#### [Data for analysis]
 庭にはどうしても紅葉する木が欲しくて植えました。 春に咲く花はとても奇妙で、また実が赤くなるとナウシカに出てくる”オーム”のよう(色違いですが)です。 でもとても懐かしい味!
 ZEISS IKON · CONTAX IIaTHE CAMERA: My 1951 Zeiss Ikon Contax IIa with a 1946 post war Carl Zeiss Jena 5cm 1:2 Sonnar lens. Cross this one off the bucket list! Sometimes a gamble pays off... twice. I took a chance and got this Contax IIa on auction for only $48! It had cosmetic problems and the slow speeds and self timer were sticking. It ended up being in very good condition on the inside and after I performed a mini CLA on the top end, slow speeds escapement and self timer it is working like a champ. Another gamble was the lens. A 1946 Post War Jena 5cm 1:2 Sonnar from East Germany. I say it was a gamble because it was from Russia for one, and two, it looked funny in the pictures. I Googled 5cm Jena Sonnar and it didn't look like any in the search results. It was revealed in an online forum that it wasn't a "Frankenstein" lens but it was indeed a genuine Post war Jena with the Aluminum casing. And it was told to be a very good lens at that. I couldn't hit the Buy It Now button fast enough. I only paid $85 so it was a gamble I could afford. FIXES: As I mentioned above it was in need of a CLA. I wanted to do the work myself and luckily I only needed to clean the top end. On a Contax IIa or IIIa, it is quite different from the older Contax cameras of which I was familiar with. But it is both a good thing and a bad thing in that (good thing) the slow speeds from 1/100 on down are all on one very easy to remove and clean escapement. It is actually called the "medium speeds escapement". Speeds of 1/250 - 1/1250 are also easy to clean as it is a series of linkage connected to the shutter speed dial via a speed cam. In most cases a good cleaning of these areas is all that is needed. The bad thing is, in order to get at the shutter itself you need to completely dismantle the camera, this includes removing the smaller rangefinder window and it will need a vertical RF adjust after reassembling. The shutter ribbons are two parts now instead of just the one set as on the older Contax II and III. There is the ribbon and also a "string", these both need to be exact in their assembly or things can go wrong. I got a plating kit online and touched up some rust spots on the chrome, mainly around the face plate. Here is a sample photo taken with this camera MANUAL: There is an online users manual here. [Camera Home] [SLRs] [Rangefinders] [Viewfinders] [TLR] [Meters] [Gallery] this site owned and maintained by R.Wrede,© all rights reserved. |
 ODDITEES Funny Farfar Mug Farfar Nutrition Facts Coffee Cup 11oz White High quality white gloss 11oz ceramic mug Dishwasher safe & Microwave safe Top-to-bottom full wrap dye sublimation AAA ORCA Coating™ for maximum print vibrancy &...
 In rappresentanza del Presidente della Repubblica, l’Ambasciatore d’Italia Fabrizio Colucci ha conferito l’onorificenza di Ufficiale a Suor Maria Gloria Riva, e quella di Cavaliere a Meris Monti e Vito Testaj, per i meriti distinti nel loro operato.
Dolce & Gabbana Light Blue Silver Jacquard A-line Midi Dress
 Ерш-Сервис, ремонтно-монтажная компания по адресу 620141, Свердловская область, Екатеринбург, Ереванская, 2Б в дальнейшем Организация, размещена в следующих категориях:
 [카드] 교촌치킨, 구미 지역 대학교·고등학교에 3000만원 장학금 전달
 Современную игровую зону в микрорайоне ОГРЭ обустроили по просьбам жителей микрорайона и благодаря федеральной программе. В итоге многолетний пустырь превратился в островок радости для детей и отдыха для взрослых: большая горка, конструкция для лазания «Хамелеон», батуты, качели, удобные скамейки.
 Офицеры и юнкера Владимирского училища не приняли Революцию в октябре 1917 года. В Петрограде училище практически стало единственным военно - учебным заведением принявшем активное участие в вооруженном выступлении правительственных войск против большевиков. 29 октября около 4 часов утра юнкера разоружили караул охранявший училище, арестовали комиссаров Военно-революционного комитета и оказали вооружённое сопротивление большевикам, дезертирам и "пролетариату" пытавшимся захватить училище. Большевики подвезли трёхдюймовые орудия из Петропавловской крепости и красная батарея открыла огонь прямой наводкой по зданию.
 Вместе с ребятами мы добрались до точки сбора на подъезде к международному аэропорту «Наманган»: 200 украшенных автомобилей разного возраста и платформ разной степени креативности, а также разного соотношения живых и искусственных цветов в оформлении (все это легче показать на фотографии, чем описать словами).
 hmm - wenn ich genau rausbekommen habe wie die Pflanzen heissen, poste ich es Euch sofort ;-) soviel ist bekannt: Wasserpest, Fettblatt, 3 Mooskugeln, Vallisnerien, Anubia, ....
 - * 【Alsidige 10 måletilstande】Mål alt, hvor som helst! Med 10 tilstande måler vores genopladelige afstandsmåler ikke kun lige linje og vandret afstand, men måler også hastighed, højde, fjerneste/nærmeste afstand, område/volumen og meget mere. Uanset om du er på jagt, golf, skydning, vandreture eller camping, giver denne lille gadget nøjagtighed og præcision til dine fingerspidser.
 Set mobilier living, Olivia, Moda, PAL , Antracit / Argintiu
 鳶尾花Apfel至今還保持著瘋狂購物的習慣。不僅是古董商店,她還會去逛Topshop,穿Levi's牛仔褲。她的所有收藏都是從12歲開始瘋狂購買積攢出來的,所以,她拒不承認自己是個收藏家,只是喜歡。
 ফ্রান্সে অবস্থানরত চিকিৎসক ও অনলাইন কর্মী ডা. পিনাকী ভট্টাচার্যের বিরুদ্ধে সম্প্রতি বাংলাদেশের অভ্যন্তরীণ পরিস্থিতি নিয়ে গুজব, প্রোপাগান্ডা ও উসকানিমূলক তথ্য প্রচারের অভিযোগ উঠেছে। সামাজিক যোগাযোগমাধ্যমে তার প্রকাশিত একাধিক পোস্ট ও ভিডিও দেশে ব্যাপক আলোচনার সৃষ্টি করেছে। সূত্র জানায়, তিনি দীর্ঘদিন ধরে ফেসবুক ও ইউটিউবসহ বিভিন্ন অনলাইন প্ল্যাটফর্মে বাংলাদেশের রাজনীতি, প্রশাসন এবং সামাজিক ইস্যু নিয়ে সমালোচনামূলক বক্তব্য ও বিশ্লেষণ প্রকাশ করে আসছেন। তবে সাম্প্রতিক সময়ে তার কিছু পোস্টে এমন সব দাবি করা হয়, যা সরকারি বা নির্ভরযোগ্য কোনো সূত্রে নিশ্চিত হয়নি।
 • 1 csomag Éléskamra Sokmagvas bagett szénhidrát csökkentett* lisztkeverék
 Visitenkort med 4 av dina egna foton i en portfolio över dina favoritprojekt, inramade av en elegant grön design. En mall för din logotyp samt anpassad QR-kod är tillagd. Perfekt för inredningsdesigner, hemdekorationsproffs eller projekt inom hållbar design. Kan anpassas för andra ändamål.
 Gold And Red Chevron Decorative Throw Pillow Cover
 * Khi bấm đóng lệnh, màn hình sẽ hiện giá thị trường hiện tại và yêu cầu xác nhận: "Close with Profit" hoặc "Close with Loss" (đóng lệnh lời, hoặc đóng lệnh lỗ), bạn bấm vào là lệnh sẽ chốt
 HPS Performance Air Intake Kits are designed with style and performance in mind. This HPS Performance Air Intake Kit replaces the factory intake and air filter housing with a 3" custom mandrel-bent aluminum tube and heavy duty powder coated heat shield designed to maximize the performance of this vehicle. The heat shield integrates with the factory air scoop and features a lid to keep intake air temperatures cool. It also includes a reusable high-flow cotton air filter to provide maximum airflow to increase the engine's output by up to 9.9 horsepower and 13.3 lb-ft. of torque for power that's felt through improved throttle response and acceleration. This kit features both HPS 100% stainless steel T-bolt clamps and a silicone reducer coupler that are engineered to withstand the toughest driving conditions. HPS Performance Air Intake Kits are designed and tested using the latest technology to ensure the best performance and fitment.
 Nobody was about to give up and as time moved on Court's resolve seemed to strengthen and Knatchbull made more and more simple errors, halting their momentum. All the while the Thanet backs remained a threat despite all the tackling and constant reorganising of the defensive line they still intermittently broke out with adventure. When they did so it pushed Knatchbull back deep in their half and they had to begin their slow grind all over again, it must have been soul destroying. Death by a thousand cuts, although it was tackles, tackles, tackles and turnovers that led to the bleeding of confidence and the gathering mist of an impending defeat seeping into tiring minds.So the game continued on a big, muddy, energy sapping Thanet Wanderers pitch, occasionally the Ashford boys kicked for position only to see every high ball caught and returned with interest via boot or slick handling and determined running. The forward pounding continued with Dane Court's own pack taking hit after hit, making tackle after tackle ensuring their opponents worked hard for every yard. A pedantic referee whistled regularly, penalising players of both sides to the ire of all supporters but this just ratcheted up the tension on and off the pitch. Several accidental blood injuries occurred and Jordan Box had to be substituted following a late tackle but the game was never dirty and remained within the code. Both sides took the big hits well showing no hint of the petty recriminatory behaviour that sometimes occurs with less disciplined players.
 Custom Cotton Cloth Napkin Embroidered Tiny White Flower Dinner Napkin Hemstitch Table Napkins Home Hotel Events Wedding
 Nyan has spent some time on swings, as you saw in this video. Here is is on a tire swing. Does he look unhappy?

#### [Exercise brief]
Return all lines of the material that have "eller" in them.

#### [Task answer]
 - * 【Alsidige 10 måletilstande】Mål alt, hvor som helst! Med 10 tilstande måler vores genopladelige afstandsmåler ikke kun lige linje og vandret afstand, men måler også hastighed, højde, fjerneste/nærmeste afstand, område/volumen og meget mere. Uanset om du er på jagt, golf, skydning, vandreture eller camping, giver denne lille gadget nøjagtighed og præcision til dine fingerspidser.
 Visitenkort med 4 av dina egna foton i en portfolio över dina favoritprojekt, inramade av en elegant grön design. En mall för din logotyp samt anpassad QR-kod är tillagd. Perfekt för inredningsdesigner, hemdekorationsproffs eller projekt inom hållbar design. Kan anpassas för andra ändamål.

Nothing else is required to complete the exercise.